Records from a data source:
·····
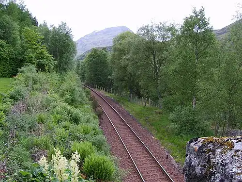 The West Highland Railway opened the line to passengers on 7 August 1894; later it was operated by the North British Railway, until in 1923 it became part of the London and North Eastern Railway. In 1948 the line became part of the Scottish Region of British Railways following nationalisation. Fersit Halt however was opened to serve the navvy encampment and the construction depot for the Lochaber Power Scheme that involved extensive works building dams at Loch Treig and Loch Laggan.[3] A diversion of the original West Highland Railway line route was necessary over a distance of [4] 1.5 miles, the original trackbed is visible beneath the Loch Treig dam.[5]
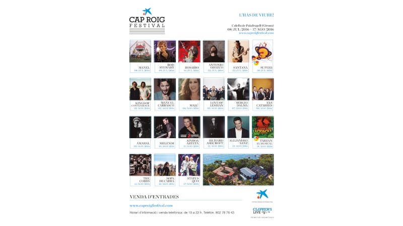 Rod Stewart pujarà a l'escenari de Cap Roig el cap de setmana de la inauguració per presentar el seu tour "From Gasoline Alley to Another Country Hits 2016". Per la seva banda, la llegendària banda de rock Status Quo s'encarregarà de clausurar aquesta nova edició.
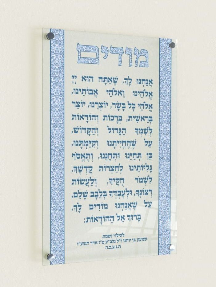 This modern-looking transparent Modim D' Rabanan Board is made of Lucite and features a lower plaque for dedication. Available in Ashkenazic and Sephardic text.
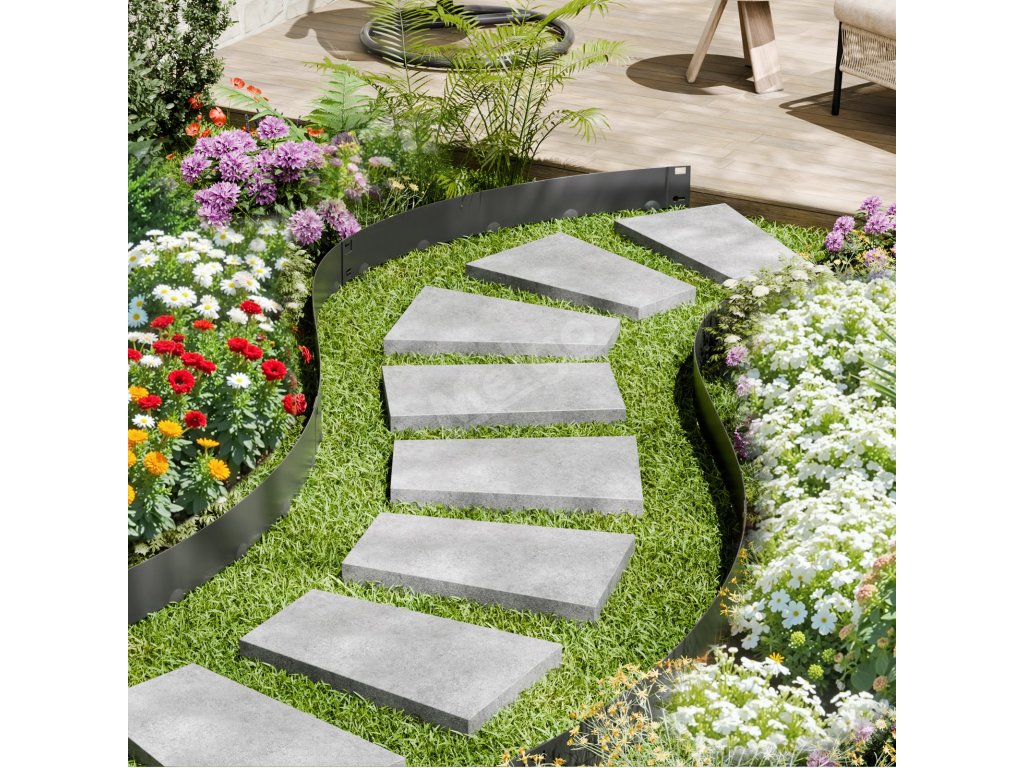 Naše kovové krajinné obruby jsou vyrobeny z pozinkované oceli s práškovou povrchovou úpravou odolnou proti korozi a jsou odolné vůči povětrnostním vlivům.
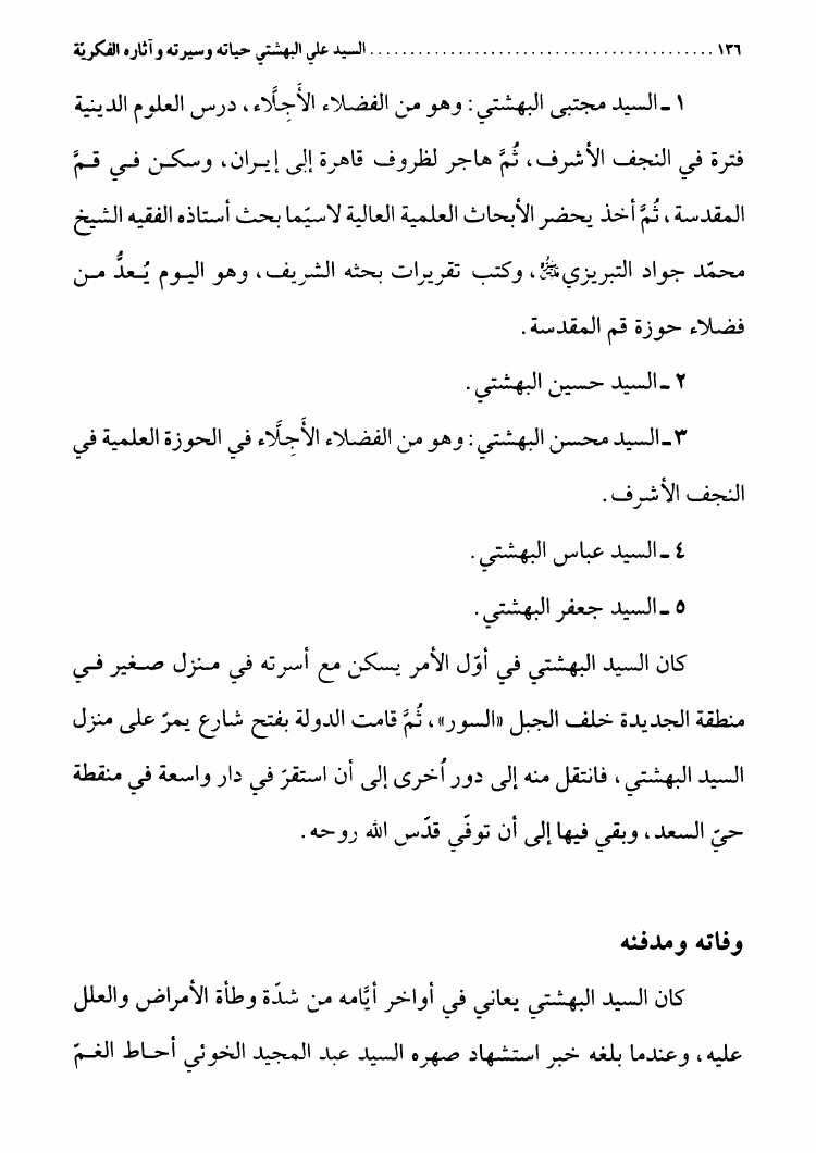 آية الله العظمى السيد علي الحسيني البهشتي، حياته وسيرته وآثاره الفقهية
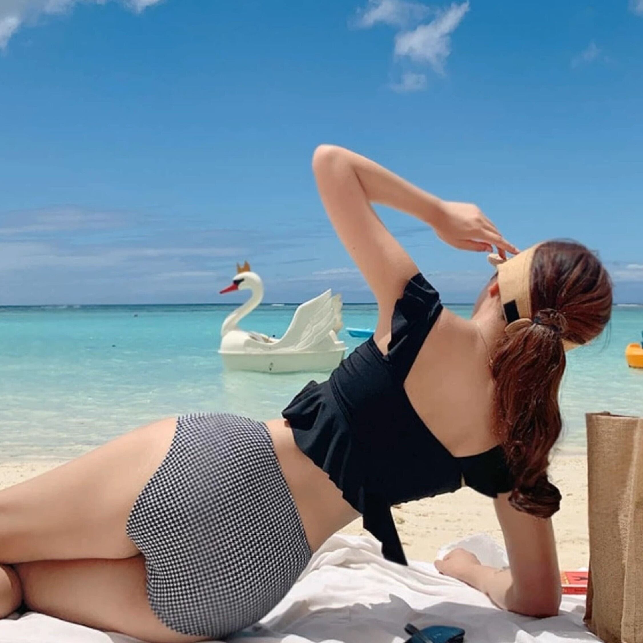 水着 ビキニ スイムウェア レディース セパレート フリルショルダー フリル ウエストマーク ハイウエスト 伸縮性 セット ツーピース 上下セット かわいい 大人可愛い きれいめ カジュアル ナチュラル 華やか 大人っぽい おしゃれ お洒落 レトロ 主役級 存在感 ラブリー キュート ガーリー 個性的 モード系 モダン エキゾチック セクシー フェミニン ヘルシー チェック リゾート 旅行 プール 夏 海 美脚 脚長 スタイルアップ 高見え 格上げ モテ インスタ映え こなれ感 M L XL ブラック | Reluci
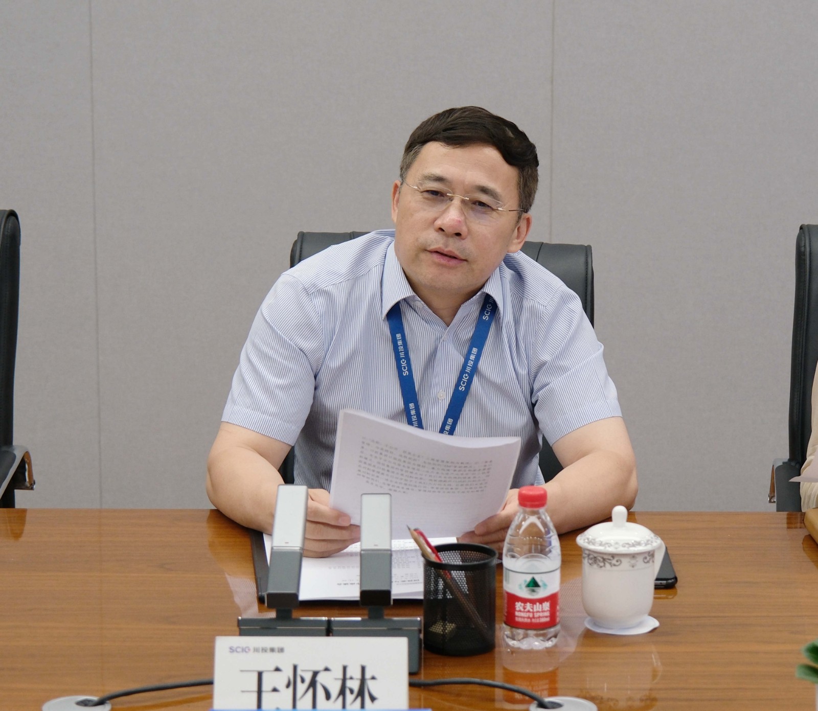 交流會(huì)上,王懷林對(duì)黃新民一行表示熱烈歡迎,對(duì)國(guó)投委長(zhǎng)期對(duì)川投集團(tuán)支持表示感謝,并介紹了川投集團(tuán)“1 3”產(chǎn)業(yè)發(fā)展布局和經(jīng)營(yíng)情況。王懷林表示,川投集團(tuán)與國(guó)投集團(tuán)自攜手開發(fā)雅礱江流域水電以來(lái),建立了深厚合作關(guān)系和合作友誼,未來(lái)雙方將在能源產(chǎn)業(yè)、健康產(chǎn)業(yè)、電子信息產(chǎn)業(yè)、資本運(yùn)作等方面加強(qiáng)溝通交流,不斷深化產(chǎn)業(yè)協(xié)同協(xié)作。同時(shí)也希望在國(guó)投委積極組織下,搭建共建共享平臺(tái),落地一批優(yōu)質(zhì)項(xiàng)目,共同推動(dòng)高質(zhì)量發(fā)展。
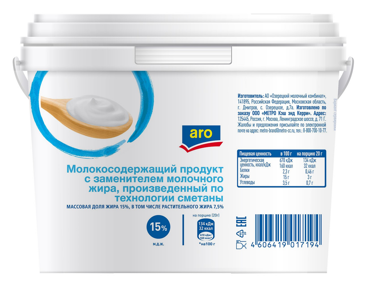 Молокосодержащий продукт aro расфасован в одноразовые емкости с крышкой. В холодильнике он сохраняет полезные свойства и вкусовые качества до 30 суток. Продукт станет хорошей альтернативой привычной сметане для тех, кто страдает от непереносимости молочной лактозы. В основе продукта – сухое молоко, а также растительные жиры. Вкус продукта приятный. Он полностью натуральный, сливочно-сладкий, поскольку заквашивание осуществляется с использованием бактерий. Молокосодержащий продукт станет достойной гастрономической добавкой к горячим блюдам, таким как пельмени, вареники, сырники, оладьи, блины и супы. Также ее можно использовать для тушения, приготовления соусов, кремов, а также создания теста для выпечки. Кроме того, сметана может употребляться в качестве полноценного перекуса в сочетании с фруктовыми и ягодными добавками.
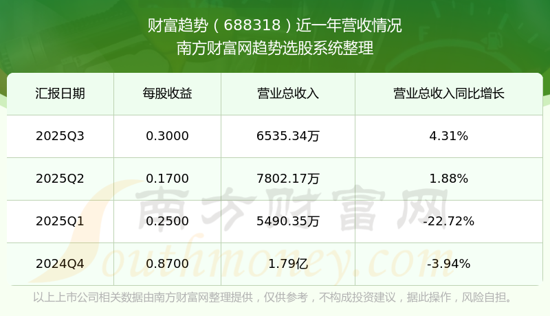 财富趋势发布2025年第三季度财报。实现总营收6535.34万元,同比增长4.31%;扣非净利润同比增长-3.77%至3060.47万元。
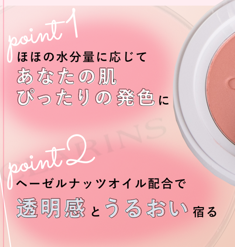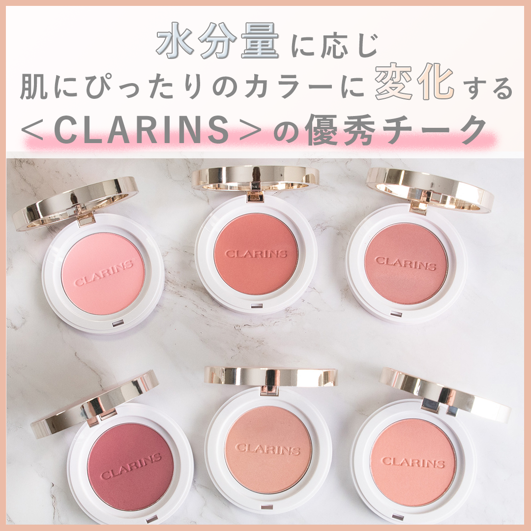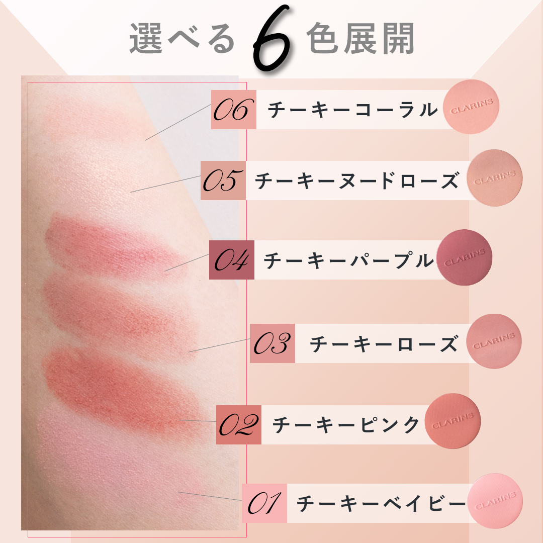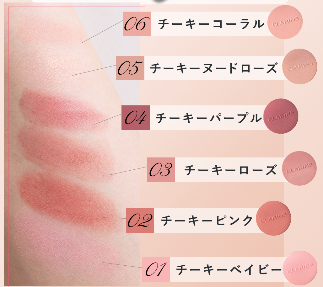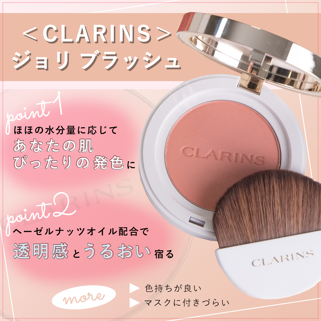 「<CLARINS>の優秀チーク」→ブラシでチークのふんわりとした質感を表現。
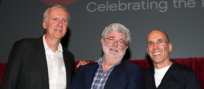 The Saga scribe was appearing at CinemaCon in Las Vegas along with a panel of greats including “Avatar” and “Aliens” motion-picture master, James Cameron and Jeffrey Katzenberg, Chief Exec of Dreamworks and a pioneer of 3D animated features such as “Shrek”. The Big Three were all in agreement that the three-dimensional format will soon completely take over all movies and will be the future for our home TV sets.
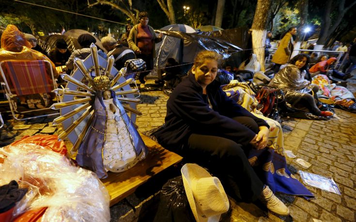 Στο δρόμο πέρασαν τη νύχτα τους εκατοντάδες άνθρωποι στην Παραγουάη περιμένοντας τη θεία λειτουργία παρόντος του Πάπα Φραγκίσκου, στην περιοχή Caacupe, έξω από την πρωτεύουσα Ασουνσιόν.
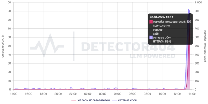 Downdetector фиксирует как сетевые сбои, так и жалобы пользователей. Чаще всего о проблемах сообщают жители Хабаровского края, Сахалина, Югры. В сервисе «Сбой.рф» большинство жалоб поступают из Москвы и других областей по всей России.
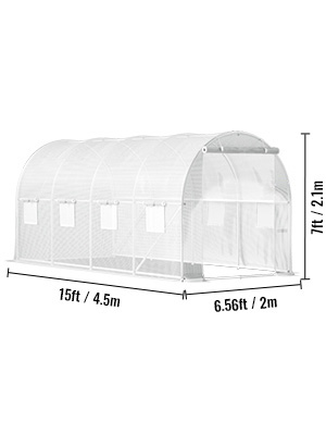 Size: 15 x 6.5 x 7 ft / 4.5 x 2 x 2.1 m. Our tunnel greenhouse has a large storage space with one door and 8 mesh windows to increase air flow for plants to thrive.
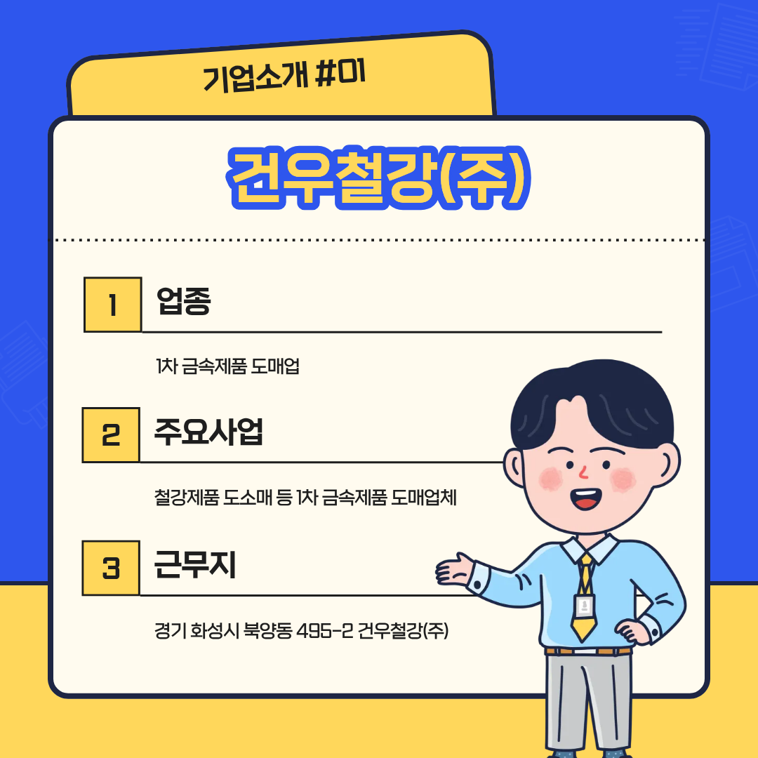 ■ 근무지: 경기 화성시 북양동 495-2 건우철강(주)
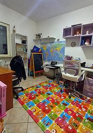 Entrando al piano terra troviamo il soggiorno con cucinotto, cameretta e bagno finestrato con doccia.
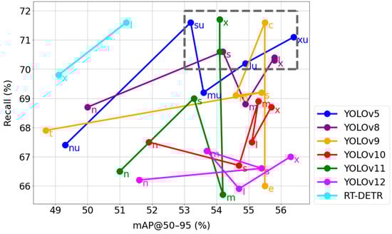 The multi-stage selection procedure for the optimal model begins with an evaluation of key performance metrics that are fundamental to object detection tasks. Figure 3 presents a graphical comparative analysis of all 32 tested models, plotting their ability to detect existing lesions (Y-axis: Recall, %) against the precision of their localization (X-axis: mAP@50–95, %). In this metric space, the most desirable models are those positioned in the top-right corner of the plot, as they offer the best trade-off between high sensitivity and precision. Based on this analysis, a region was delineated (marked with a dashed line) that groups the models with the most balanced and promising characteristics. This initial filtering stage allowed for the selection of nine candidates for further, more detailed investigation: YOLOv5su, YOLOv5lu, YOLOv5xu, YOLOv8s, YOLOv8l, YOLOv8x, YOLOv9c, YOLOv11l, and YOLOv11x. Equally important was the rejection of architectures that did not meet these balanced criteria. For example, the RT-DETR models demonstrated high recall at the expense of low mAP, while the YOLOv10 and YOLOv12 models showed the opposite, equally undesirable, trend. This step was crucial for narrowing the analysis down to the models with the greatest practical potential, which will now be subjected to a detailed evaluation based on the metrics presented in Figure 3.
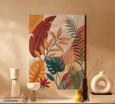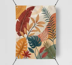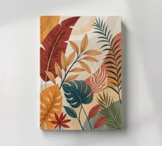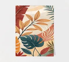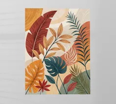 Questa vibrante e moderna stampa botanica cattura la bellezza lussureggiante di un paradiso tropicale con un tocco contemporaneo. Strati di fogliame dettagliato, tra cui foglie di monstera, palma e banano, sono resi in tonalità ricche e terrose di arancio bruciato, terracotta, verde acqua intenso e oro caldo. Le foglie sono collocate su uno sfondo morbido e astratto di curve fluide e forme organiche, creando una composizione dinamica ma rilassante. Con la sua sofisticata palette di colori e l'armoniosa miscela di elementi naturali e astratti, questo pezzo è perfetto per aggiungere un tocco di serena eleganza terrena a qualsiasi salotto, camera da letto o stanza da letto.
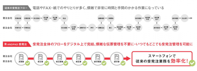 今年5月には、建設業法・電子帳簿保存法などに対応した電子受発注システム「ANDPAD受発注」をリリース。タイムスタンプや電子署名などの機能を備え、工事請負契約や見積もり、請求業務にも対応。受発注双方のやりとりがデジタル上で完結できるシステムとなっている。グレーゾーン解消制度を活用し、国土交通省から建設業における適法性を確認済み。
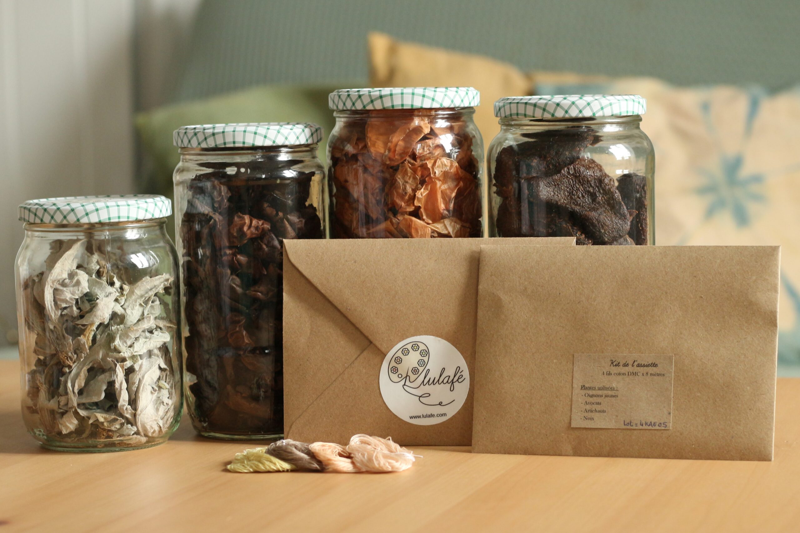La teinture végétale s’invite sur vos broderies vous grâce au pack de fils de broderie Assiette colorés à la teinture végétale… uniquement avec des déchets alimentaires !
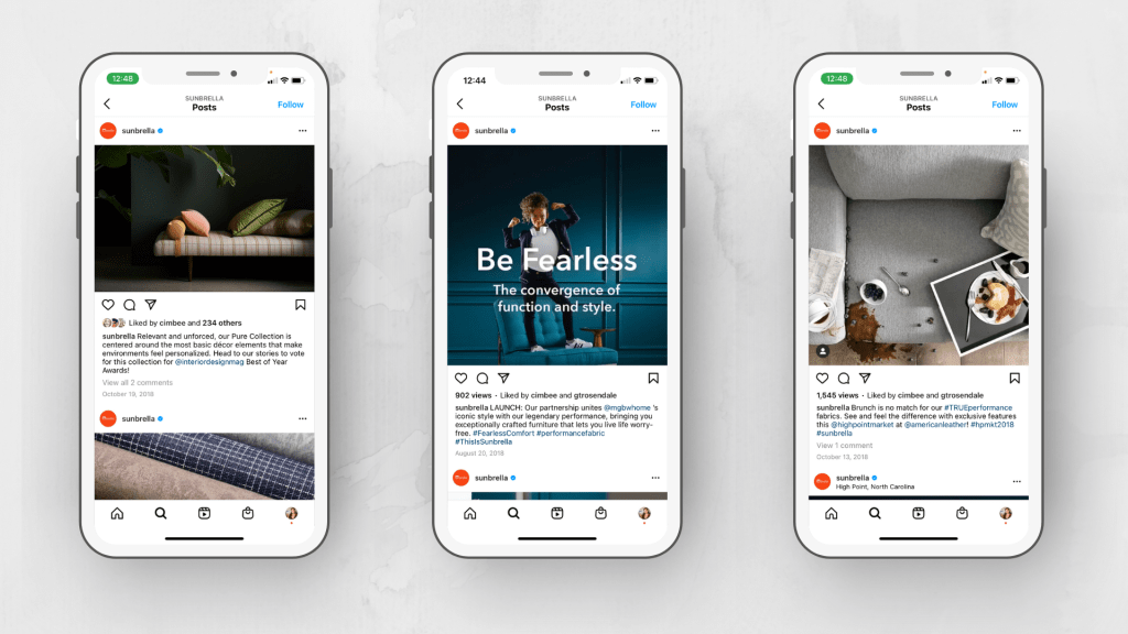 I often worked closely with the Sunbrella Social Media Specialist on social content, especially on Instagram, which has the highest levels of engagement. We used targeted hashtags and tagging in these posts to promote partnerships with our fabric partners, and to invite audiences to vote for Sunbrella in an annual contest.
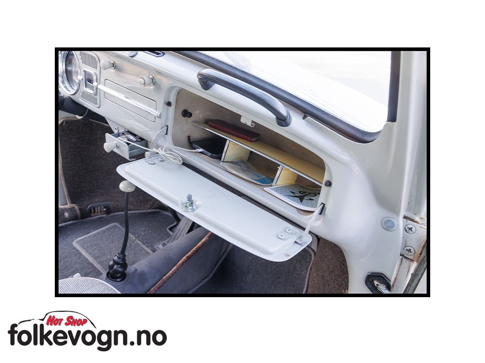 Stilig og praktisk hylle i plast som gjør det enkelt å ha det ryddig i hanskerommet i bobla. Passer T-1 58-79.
·····
With the pictures omitted, print the lines above exactly, beginning at the line with "财富趋势发布2025年第三季" and going on through the line with "Entrando al piano".

 财富趋势发布2025年第三季度财报。实现总营收6535.34万元,同比增长4.31%;扣非净利润同比增长-3.77%至3060.47万元。
 「<CLARINS>の優秀チーク」→ブラシでチークのふんわりとした質感を表現。
 The Saga scribe was appearing at CinemaCon in Las Vegas along with a panel of greats including “Avatar” and “Aliens” motion-picture master, James Cameron and Jeffrey Katzenberg, Chief Exec of Dreamworks and a pioneer of 3D animated features such as “Shrek”. The Big Three were all in agreement that the three-dimensional format will soon completely take over all movies and will be the future for our home TV sets.
 Στο δρόμο πέρασαν τη νύχτα τους εκατοντάδες άνθρωποι στην Παραγουάη περιμένοντας τη θεία λειτουργία παρόντος του Πάπα Φραγκίσκου, στην περιοχή Caacupe, έξω από την πρωτεύουσα Ασουνσιόν.
 Downdetector фиксирует как сетевые сбои, так и жалобы пользователей. Чаще всего о проблемах сообщают жители Хабаровского края, Сахалина, Югры. В сервисе «Сбой.рф» большинство жалоб поступают из Москвы и других областей по всей России.
 Size: 15 x 6.5 x 7 ft / 4.5 x 2 x 2.1 m. Our tunnel greenhouse has a large storage space with one door and 8 mesh windows to increase air flow for plants to thrive.
 ■ 근무지: 경기 화성시 북양동 495-2 건우철강(주)
 Entrando al piano terra troviamo il soggiorno con cucinotto, cameretta e bagno finestrato con doccia.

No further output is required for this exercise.